:: Supplied material

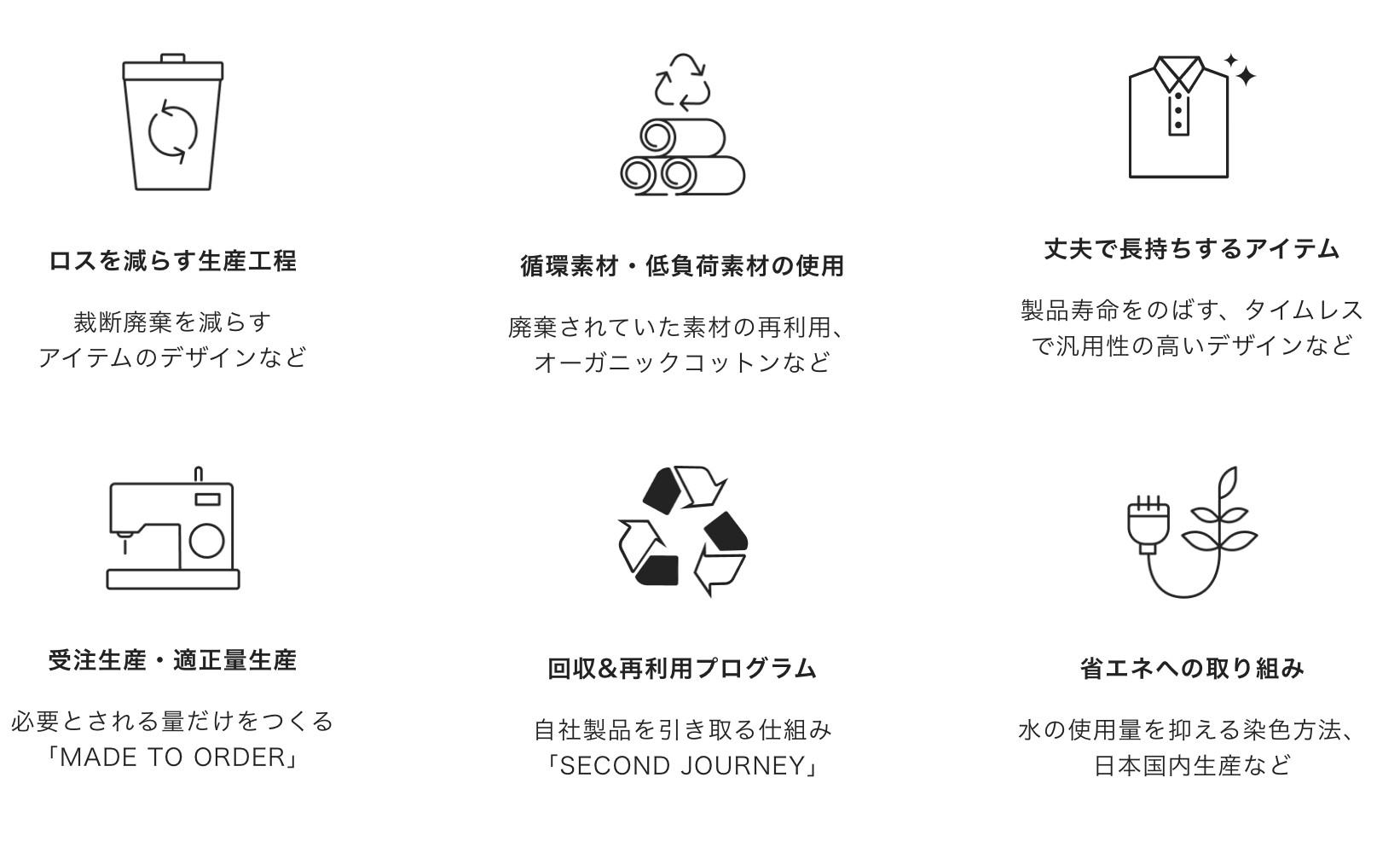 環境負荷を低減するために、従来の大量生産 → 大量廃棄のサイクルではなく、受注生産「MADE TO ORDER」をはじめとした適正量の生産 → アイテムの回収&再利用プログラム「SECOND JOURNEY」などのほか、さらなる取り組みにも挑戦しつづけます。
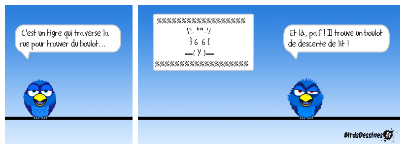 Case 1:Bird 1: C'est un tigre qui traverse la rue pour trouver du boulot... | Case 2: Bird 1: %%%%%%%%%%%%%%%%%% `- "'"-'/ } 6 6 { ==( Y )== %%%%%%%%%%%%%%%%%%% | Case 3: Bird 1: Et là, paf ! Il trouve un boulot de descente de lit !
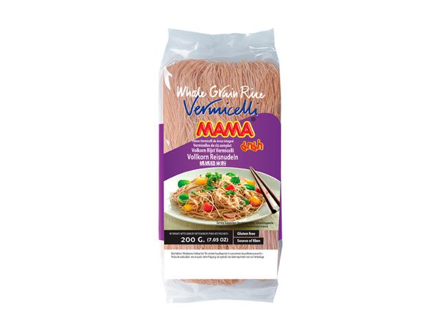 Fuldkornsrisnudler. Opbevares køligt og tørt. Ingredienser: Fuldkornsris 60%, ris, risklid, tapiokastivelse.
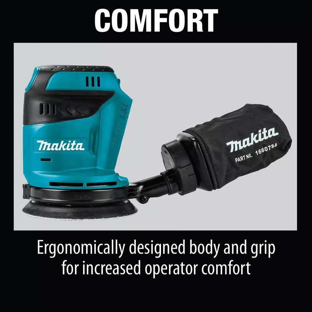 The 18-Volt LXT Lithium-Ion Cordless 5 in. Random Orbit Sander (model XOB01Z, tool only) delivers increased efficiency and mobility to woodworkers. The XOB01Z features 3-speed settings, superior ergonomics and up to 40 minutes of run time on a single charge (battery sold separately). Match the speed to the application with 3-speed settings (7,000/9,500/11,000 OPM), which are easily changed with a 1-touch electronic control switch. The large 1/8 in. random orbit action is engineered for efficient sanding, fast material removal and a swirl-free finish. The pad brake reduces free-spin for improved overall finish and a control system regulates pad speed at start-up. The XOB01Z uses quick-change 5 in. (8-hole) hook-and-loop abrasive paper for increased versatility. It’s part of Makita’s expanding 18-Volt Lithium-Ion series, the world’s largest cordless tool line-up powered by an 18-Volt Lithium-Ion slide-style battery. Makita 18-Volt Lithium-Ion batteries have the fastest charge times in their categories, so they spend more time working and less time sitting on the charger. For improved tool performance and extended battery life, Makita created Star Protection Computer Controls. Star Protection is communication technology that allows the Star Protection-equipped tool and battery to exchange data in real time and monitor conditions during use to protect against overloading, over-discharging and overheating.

::::

__Exercise details__
Give back exactly the lines from the first line of the data through the line with "Case 1:Bird 1: C'est", pictures excluded.

__Result for this task__
 環境負荷を低減するために、従来の大量生産 → 大量廃棄のサイクルではなく、受注生産「MADE TO ORDER」をはじめとした適正量の生産 → アイテムの回収&再利用プログラム「SECOND JOURNEY」などのほか、さらなる取り組みにも挑戦しつづけます。
 Case 1:Bird 1: C'est un tigre qui traverse la rue pour trouver du boulot... | Case 2: Bird 1: %%%%%%%%%%%%%%%%%% `- "'"-'/ } 6 6 { ==( Y )== %%%%%%%%%%%%%%%%%%% | Case 3: Bird 1: Et là, paf ! Il trouve un boulot de descente de lit !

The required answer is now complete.